[Records contained in a dataset]
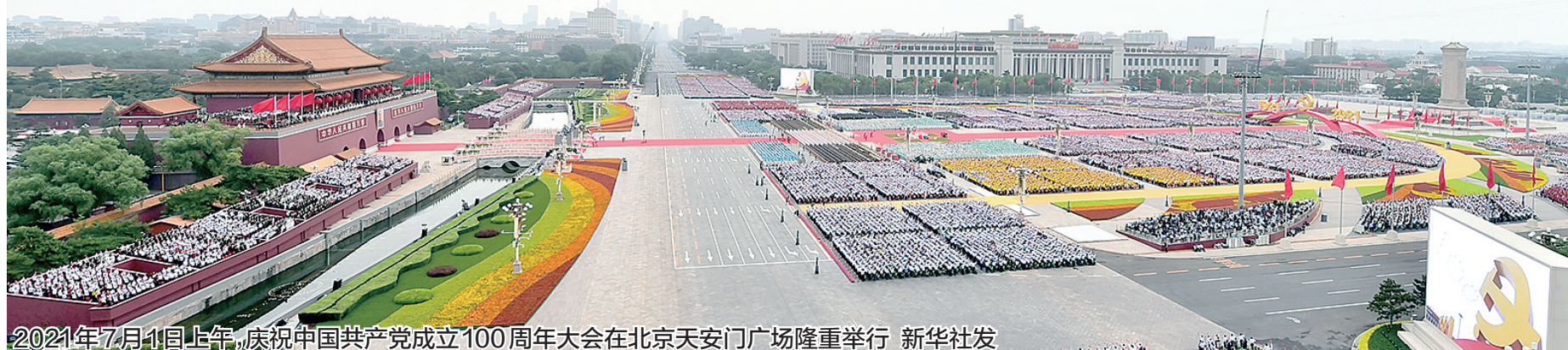
2021年7月1日上午,庆祝中国共产党成立100周年大会在北京天安门广场隆重举行
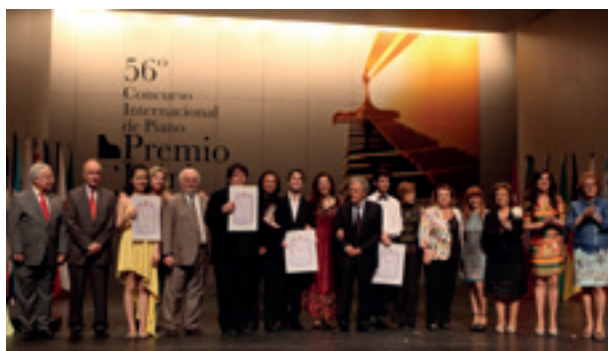
Premiados, jurado y autoridades en la entrega de premios.
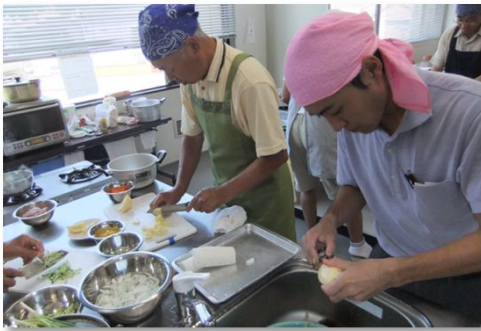
じゃが芋の皮むき

その後、今回のメニューの「鶏肉のから揚げレモンのおろしあんかけ」、「じゃが芋とインゲンのおかか煮」、「トマトと玉ねぎの粒マスタードサラダ」、「とろろ昆布のすまし汁」、デザート「水ようかん」作りに挑戦されました。1時間位で料理が出来上がり、皆さんとおいしく頂きました。次回は12月に開催予定です。料理に挑戦したい男性の方、食改の方に優しく指導して頂けますのでどうぞ気軽に参加してみてください。
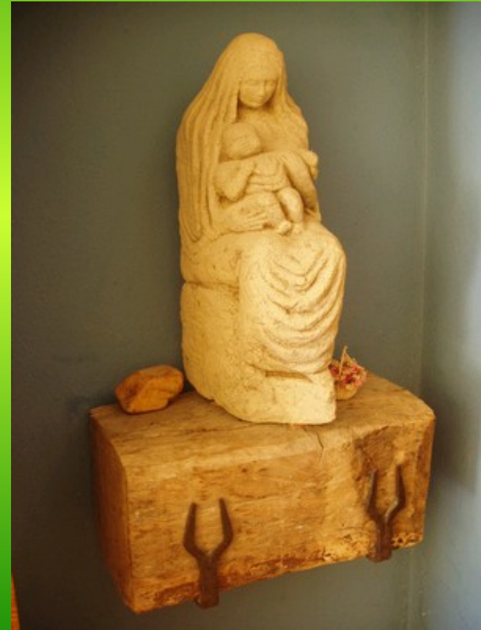
Notre Dame de l'accueil
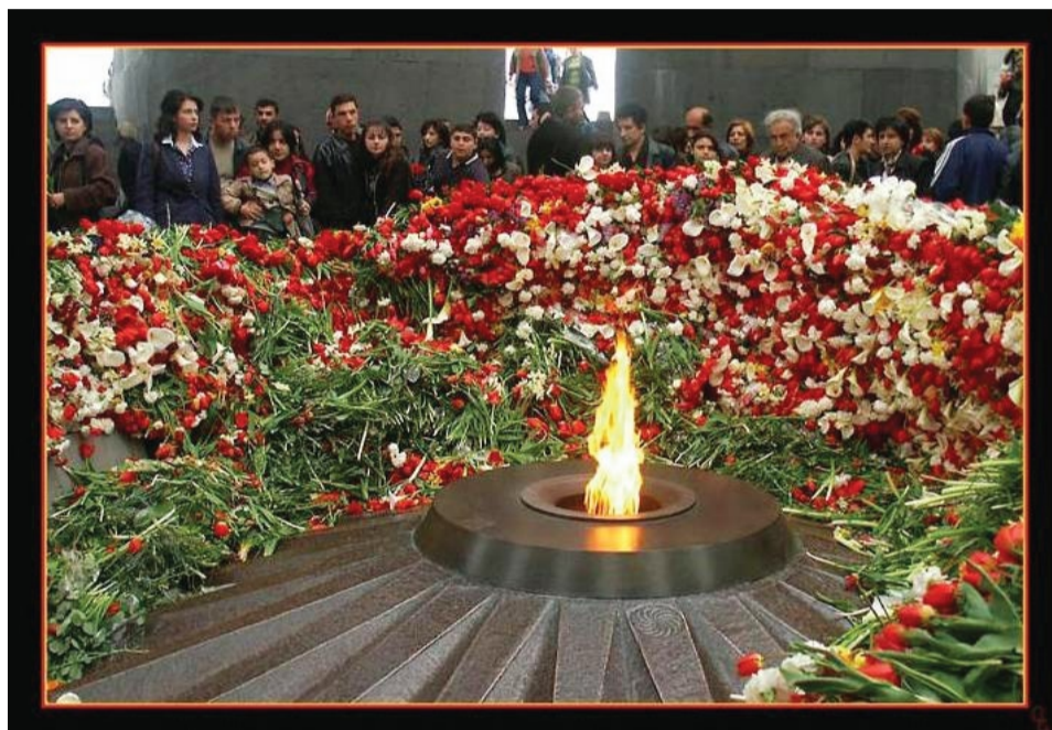
У Вечного огня в Ереване (Цицернакаберд)

В этот день, после возложения цветов к памятнику Хач Кар, в армянской церкви состоялась литургия, посвящённая памяти жертв Геноцида. А одесская областная армянская молодёжная общественная организация «АРМИР» организовала показ документального фильма «Западная Армения», чтоб каждый желающий мог познакомиться с историей, мог увидеть те земли, которые принадлежали нашим предкам. Могли увидеть города и церкви, которые армяне создали на этой земле, те прекрасные творения великих архитекторов и художников.
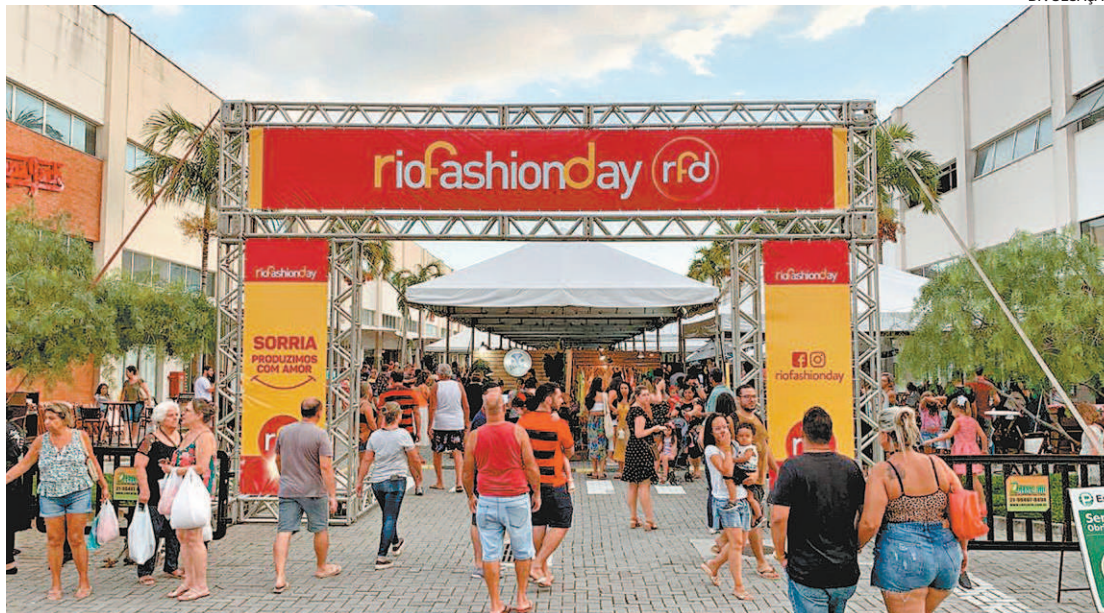
Frequentadores terão opções de moda masculina, feminina e infantil; acessórios, calçados e muito mais
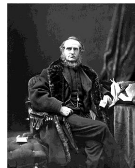
William Notman, Montréal, QC, 1868 Photographie William Notman (1826-1891) 1868, 19 e siècle I-30283
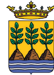
Ayuntamiento de Vélez Rubio
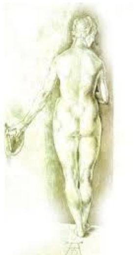
Figura humana. Alberto Durero, 1506

“Quien no aprecia a sus maestros será despreciado por sus discípulos”
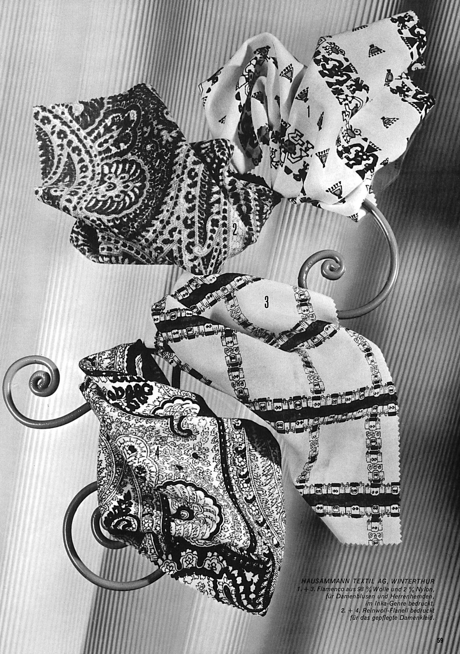
HAUSAMMANN TEXTIL AG, WINTERTHUR 1. + 3. Flamengo aus 98 % Wolle und 2 % Nylon, für Damenblusen und Herrenhemden, im Inka-Genre bedruckt. 2. + 4. Reinwoll-Flanell bedruckt für das gepflegte Damenkleid.
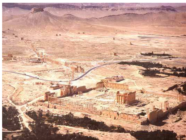
آثار بر جای مانده از شهر تدمر در قلب صحرا

دست کاهنان بود و دوم از اواسط قرن ششم ق. م . تا انقراض که سلاطین مقتدر و غیر دینی و مذهبی به قدرت رسیدند. در دوره اول، پایتخت آنها شهر صرواح بوده است . در سال ۱۱۵ ق.م . قوم حمیر که باز از مناطق جنوبی شبه جزیره بودند ابتدا بر ممالک قتبانی و بعد بر سبا تسلط یافتند. در قرن دوم مسیحی حبشی ها ( شمال افریقا ) بر ممالک تحت نفوذ حمیریها استیلا یافتند و پای مبلغین و مروجین مسیحیت را به شبه جزیره و به ویژه منطقه یمن باز کردند و کلیساهای مسیحی را بر پای نمودند! ( داستان حمله ی ابرهه به مکه و شکست وی توسط خدای کعبه از همین جا نشأت می گیرد! ) حمیریها که از تسلط حبشی های مسیحی و بیگانه بر خاک خود نا خشنود و نا خرسند بودند، سر انجام به دربار ساسانیان روی آوردند و از خسرو انوشروان استمداد طلبیدند! دولت ایران در حدود سال ۵۷۰ م . به یمن لشکرکشی کرد و حبشی ها را شکست داد و خود بر یمن فرمانروا شد!
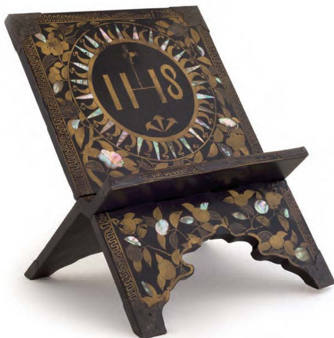
Atril estilo namban , 1580-1614, Japón. Museo Nacional de Artes Decorativas, Madrid.
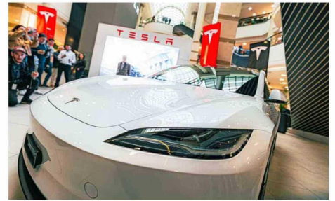
La electromovilidad ha crecido de forma exponencial en el país. De acuerdo a cifras de la ANAC, "las inscripciones de vehículos propulsados con tecnología de cero y bajas emisiones registraron un incremento de 106,4% durante el primer semestre de 2024".
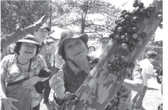
天然の木葡萄を味見する参加者
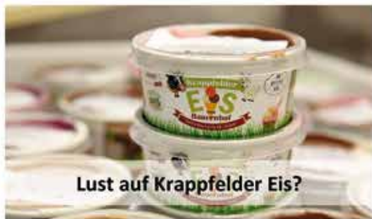
Lust auf Krappfelder Eis?
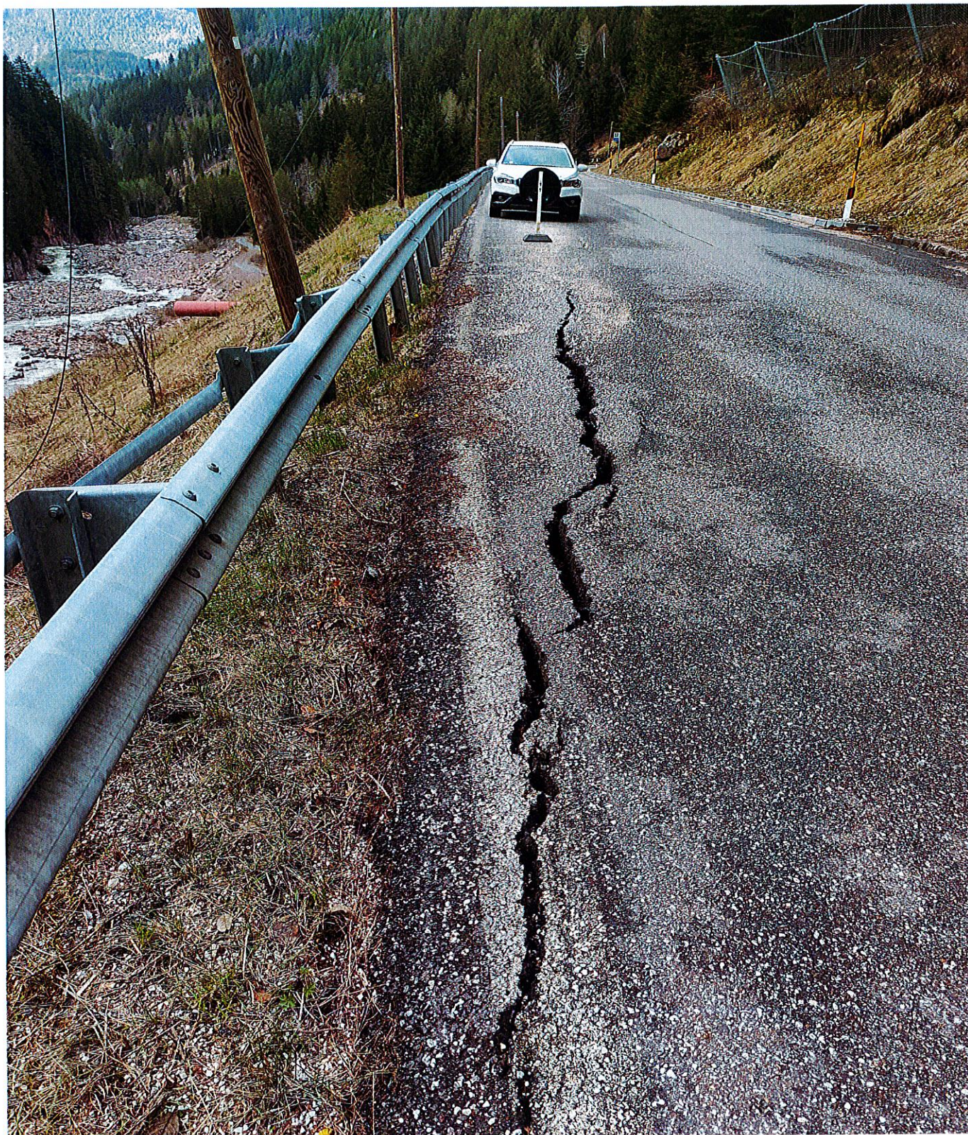
FOTO n. 5 – SP n. 31 del passo Manghen nel comune di Castello-Molina di Fiemme Cedimento banchina km 36+950
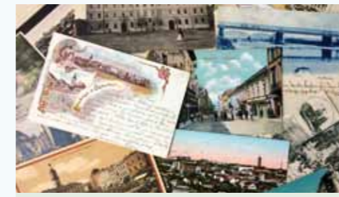
Postkarten aus der Sammlung Kasparides

(In Kooperation mit dem Museum und der Galerie der Stadt Schwabmünchen)
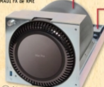
C Module de montage de l'ordinateur (Inclus)

Économisez un slot en y installant les connecteurs utilisés par des cartes comme la RED ROCKET-X ou la HDSPe MADI FX de RME
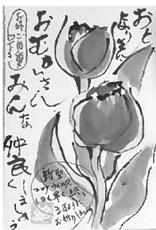
在宅福祉サービス 給食サービスや移送サービス、ふれあい郵便、介護用品のあっせんなど
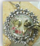
立体的なパーツを入れることもできます
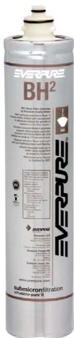
BH 2 Filterpatrone: 9612-51

Liefert Premiumwasser höchster Qualität für Kaffeeanwendungen
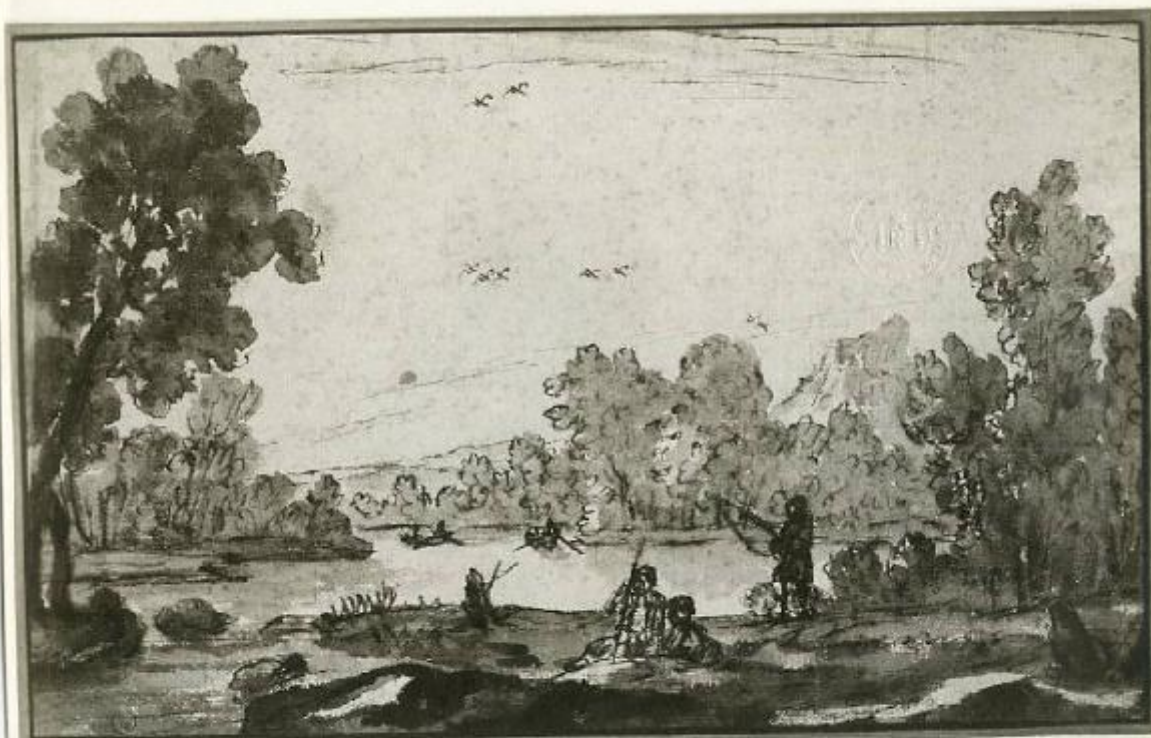
17230 - TORINO - Schizzo di un paesaggio - Claudio de Lorenna - Palazzo Reale - Ancorson Roma
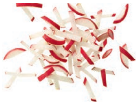
Radieserlstifte (3 mm)
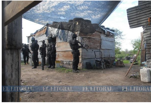
Figura 7.

Las fotografías recuperadas fueron tomadas por un reportero gráfico, según consta en las noticias. Se observa que se mostró a la policía armada como protagonista de la escena, mientras ingresaban a una vivienda precaria ubicada en un barrio vulnerable de la ciudad de Santa Fe.
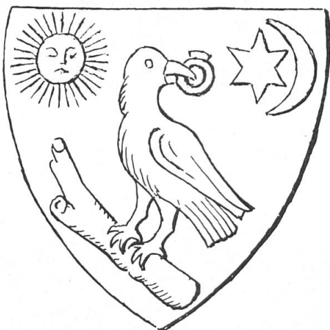
Fig. 4. Dan II Basarab, 1420.

Sur le sceau du Dan II Basarab (1420), l'oiseau posé sur un écot tient une bague dans le bec et est accompagné d'un soleil, d'une étoile et d'un croissant (fig. 4) 5 .

Problem:
Report all lines above with "Figura".

Exercise response:
Figura humana. Alberto Durero, 1506
Figura 7.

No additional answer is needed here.